SciLine also enlisted Margaret Hamburg, past president of AAAS, former commissioner of the U.S. Food and Drug Administration, and former health commissioner of New York City. On one day in April, from her home office, Hamburg conducted interviews with 20 local TV stations and 13 local radio stations across the country. In doing so, she reached nearly 1.6 million people in 17 states with timely, accurate, and authoritative scientific and public health information.
AAAS’s Science and Technology Policy Fellowships program has adopted virtual platforms to connect with current policy fellows and to open doors for the incoming cohort of scientists and engineers.

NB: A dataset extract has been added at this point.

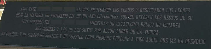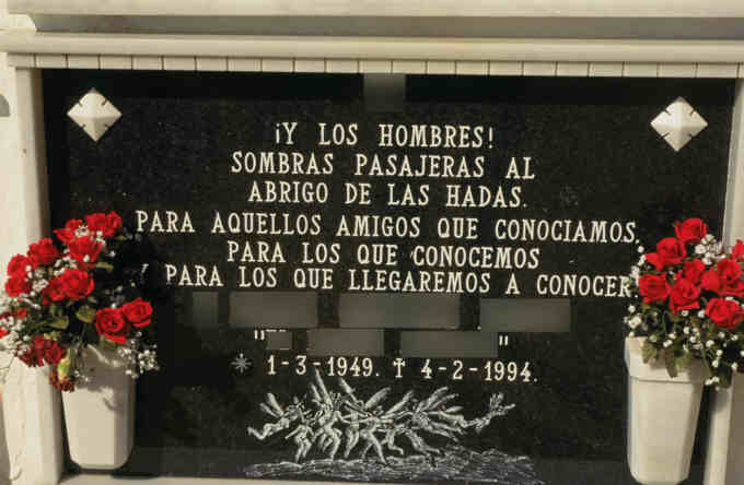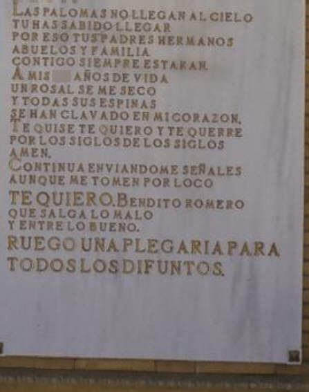 Pero hoy, y en unas sucesivas entregas, vamos hacer un recorrido anécdotico , parandonos en las curiosidades . que si se fijan se pueden ver en dicho campo santo. Obviamente para no herir suceptivilidades, he quitado de la fotos, nombres y apellidos , situacion en las calles o datos que pudieran identificarlos, lo que si les aseguro, es que estan alli .- Estas curiosidades estan compuestas no solo por las tumbas o lapidas en si, ademas he tenido en cuenta los exhorno florales que hay en algunas de ellas .- LITERARIOS Parece como si en vida, no hubiera hablado de todo lo que habia que hablar y las lapidas se volviera autenticas cartas al mas alla ,lejos del telegrafico "DESCANSE EN PAZ" .-

The program, which places some 280 scientists and engineers in federal agencies and congressional offices each year, places a high value on in-person professional development and networking, switching to virtual convenings at a time when the need for fellows to provide scientific and technical advice is greater than ever. The team recently conducted thousands of interviews virtually for the incoming class and is preparing to host a virtual orientation in the fall.
For the team that produces the AAAS Annual Meeting, moving from in-person to virtual convenings has been top of mind. After announcing that the February 2021 meeting would be a virtual event, the team has not looked back, rolling out an entirely new format for scientific symposia that serves as a model for other organizations.
The Science for Seminaries program, part of our Dialogue on Science, Ethics, and Religion, which assists theologically diverse seminaries to integrate science into their required courses of study, also adjusted the focus of one of its recent discussions, shifting it to an examination of the science behind the spread of COVID-19 when audiences sing or speak in loud voices, such as at worship services.
These initiatives display the amazing number of influential audiences we reach as a scientific society. Researchers, policy-makers, journalists, science communicators, students, seminarians—all of these groups play critical roles in our mission to advance science and serve society.
I have not stepped foot in AAAS headquarters in downtown Washington since 13 March—which means I have now spent more time leading AAAS from my basement or my kids’ playroom than I have from my office. Even so, I am more confident than ever in the vitality of our mission and in those working daily to execute that mission. We will be a force for science, a force for good, and a support for one another. Our programs, publications, and advocacy are critical to a better and more just world, and what we do during this time will define a generation.
My 31 January Science editorial called on us all to rise to the challenges of our time to ensure that the next generation has the opportunity to rise to theirs. On so many levels, those words ring truer today.